Nevertheless, I do like to spend some time with Will each week exploring different concrete manifestations of how multi-digit multiplication works, knowing that although some of her fuss about the computations is just laziness, some of it must also be a lack of confidence, and a fear that she's not "getting" it, quick as she usually is.

Area models are a great concrete manifestation of how the math works, and an understandable extension for the kid, since by now she should have played plenty both with arrays and with area models for single-digit multiplication, back when she was learning her facts.

To do this, you need the same manipulatives that I am forever going on about--a huge set of Base 10 blocks, and plenty of centimeter-sized graph paper. If you're printing your graph paper, as I do, make sure that the "fit to page" box is unchecked; just the other day, I ruined a giant, 1,000-centimeter ruler that I was making Will to use as a multi-digit multiplication and division manipulative by not doing this, and then only discovering after I was done that the damned Cuisenaire rods didn't line up correctly with it--GRRR!!!

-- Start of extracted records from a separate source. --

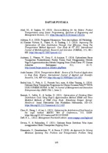 ABSTRAK Penelitian ini membahas penerapan Vogel’s Approximation Method (VAM) dan metode Stepping Stone untuk meminimalisasi biaya distribusi susu segar di Koperasi Peternak Sapi Bandung Utara (KPSBU) Lembang. Penelitian dilakukan dengan menganalisis sistem distribusi aktual koperasi, kemudian membandingkannya dengan hasil perhitungan metode optimasi matematis. Data diperoleh melalui observasi lapangan, wawancara, dan dokumen internal perusahaan. Hasil perhitungan menunjukkan bahwa biaya distribusi aktual tahun 2024 sebesar Rp 3.815.638.144. Penerapan VAM menghasilkan solusi awal dengan biaya distribusi sebesar Rp 7.778.300 per hari, atau setara Rp 2.838.094.500 per tahun. Uji optimalitas menggunakan Stepping Stone menunjukkan hasil biaya yang sama, sehingga solusi awal VAM dinyatakan optimal. Perbandingan hasil memperlihatkan adanya potensi efisiensi sebesar Rp 977.543.644 per tahun apabila perusahaan mengadopsi metode ini. Penelitian ini menyimpulkan bahwa integrasi metode VAM dan Stepping Stone mampu meningkatkan efisiensi distribusi, memaksimalkan pemanfaatan kapasitas unit pendingin, serta memberikan dasar perencanaan logistik yang lebih sistematis dan terukur bagi KPSBU Lembang. Kata Kunci: Vogel’s Approximation Method (VAM), Metode Stepping Stone, Optimalisasi distribusi, Biaya distribusi, KPSBU Lembang, Riset operasi, Manajemen operasi, Efisiensi logistik.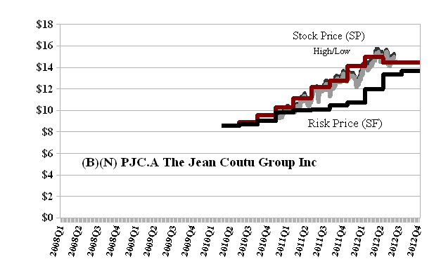 In contrast, PJC.A The Jean Coutu Group has been in our portfolio since $9 in late 2010 and is still in our portfolio at the current $14 to $15. The stock is trading at $3 above the current risk price (and is therefore in (B)) and has a volatility calculated downside of $1. We have the choice of setting a stop-loss at $14 and possibly being sold out at that price, or buying a “protective put” with strike price $14 in January 2013 ($65 per hundred shares) and at the same time, selling an opportunistic call at $15 ($55 per hundred shares) against our long position. In effect, we can guarantee $14 or more per share for next four months for the net cost of $0.10 per share now. And neither “volatility” nor the “markets” nor “earnings surprise” or anything else can change that.
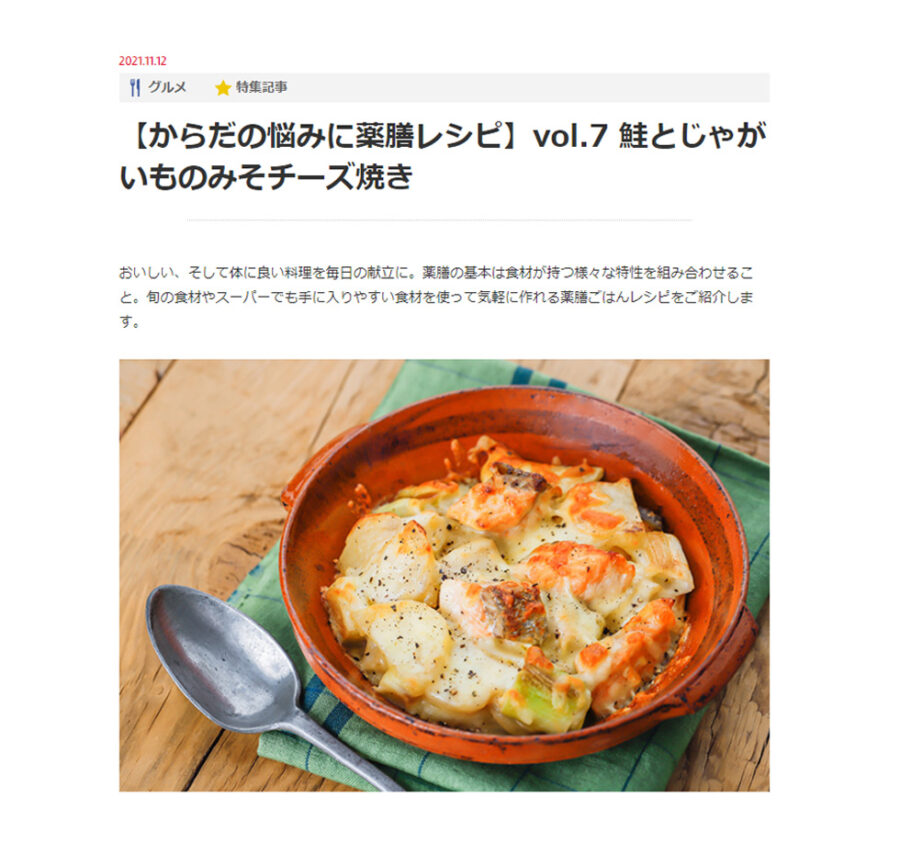 2021.11.12 当社の考案するレシピが地元の情報発信サイト『仙臺いろはWEB』の『【からだの悩みに薬膳レシピ】Vol.7』に掲載されました。 レシピは『仙臺いろは』WEB上でもご覧いただけます! ~オンラインショップにて、レシピ本販売中!!~ 大人気レストラン「然の膳」の世界一美味しいカンタン薬膳ごはん 前の記事へ ~手軽に薬膳~ レシピ動画【Vol.2】配信開始のおしらせ 次の記事へ 当社の考案するレシピが地元の情報発信サイト『仙臺いろはWEB』の『【からだの悩みに薬膳レシピ】Vol.8』に掲載されました。 ニュース一覧へ この記事を見た人は、こちらの記事も見ています 5/23放送!「ゆで豚の赤味噌ソースかけ」 新商品!然の膳 かける薬膳【紫】販売開始!! 【薬膳レシピ】むくみに!「フレッシュトマトソースの夏野菜オムレツ」 【薬膳レシピ】がっつり食べて疲労回復!「牛しゃぶのサラダビビンバ丼」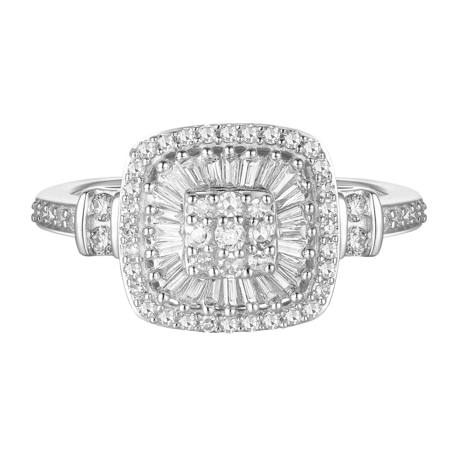 Elegant 75-Diamond Cushion Shape Ring with Round and Baguette Cut, 14K Gold Options (1/2 cttw, I-J, I2-I3)

The only other tricks to this are 1) make sure that your multiplication problem doesn't exceed the size of your graph paper, and 2) if your graph paper isn't square, make sure that your kid knows to draw the problem going the correct way (our graph paper is something like 20x30, so if I wrote a problem that was 17x27, for instance, I had to make sure that Will drew it just like that. It'll make more sense in a minute).

1. Write your problem for the kid. I wrote mine at the top of each piece of graph paper (you'd save paper if you had a dry erase board set up with a centimeter graph--this is on my "to buy" list!), and gave Will five total problems to solve for this lesson.

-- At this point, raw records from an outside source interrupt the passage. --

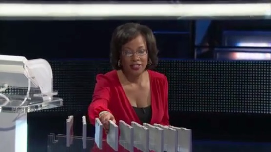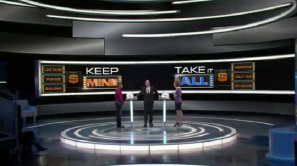 The Final Round is called The Prize Fight. I'm not going to mess around here, it's the terrible Prisoner's Dilemma I railed against when I did Golden Balls a few months ago on this site. I'm not going to repeat myself. If you want to read my feelings about that mechanic, read it over there. The only difference is that before the game, each contestant selects an envelope with a money amount inside. If anybody gets the prizes, they get the money amount they chose or both, if they take away everything from the game.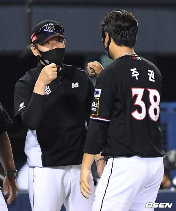 헌데 주권이 9회말 선두타자 홍창기에게 안타를 맞으면서 계획이 꼬였다. 이강철 감독은 "역시 이러면 안되나 싶은 마음도 들었다"고 털어놨다. 정석대로 김재윤을 처음부터 올렸어야 했나 후회했다는 이야기다. 이 감독은 후속 판단을 신속하게 내렸다. 김재윤 대신 주권이 한 타자를 더 상대했다. 주권은 이천웅의 보내기번트를 병살 처리했다. 순식간에 주자가 사라지며 아웃카운트 2개가 올라갔다. 김재윤이 편안하게 세이브를 거뒀다.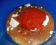 Pregatim mai intai aluatul, pe care trebuie sa-l lasam la crescut pana isi dubleaza volumul. Punem intr-un castron faina,drojdia, boiaua, sarea si zaharul.Adaugam apa, uleiul si sosul de rosii si framantam pana obtinem un aluat omogen si elastic, pe care il punem intr-un loc caldut, ferit de curent.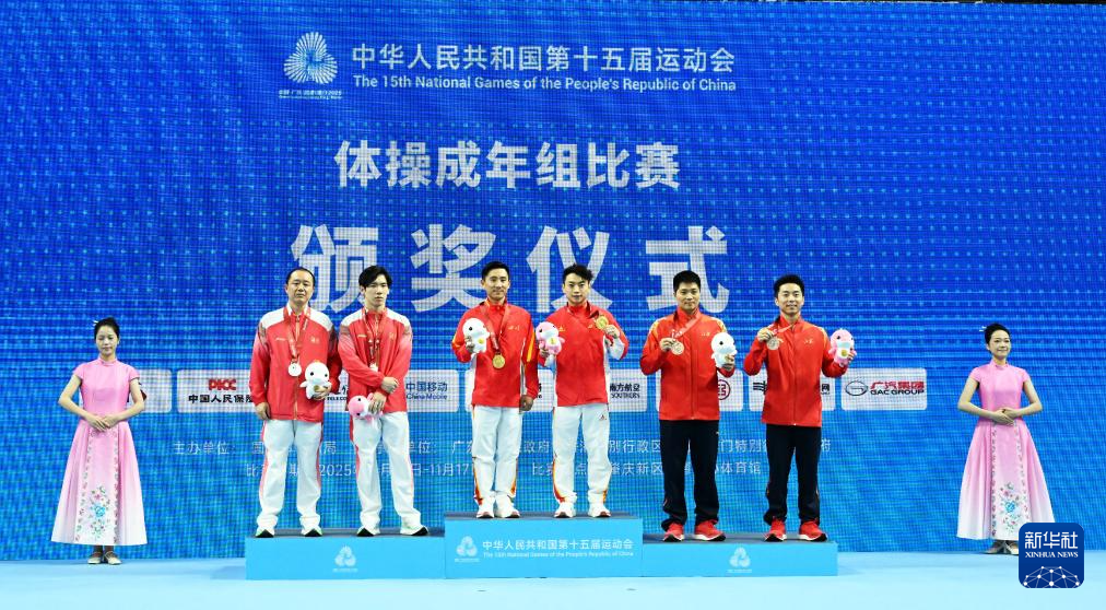 11月14日,亚军湖南队选手张博恒(左三)、冠军四川队选手邹敬园(右四)和第三名江苏队选手尤浩(右二)以及教练们在颁奖仪式上。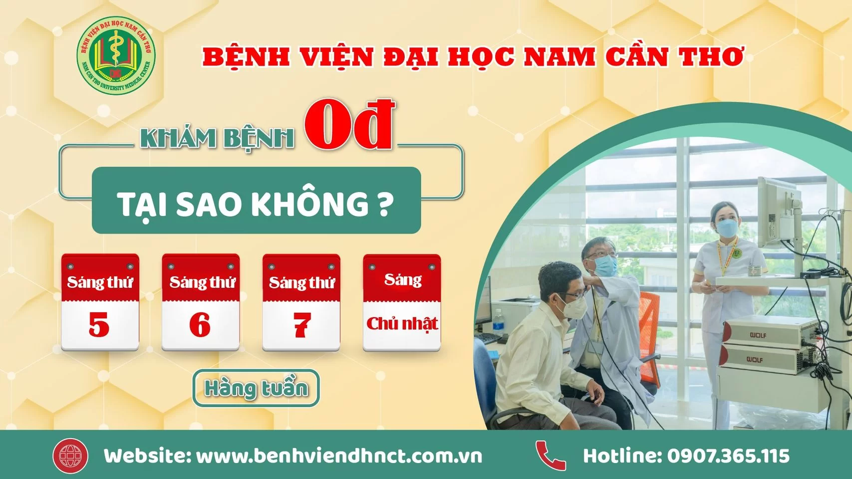 Lịch khám bệnh miễn phí (công khám bệnh) sẽ được thực hiện vào các buổi Sáng: Thứ 5, Thứ 6, Thứ 7 và Chủ nhật hàng tuần (riêng sáng chủ nhật khám chuyên khoa nội và ngoại).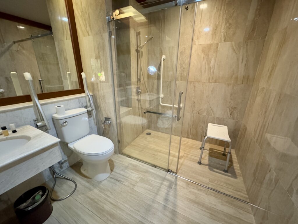 Our wheelchair accessible room was on the ground floor. It was spacious and had two single beds, plus one rollaway bed. The main beds were 25 inches tall and had clearance underneath for a hoyer lift.

2. Have the kid draw a box that represents the problem. She should be able to figure out that 17x27, for instance, means 17 rows with 27 units in each row:

3. Here's where the Base 10 blocks come in, and it's really cool. First, have the kid fill up the box as much as she can with the hundred flats:

4. Then, have her fill up as much as she can with the ten bars:

5. Finally, have her fill in all the rest of the space with units.

6. All she has to do is count the Base 10 blocks to find her answer! This is a great time to encourage her to skip count by hundreds, then continue to skip count by tens, then add on by units. Stretch that smart little brain!

The next time we play around with this concept, in the next week or so, I plan to focus more on the area aspect of it, by drawing an irregular polygon directly on the graph paper, having Will use the Base 10 blocks to find its area, then having her invent a way to compute that area with only pencil and paper (by writing multi-digit multiplication problems that require the correct order of operations to solve, thus making her complicit in the usage of both the mathematical procedures that currently offend her, mwa-ha-ha!).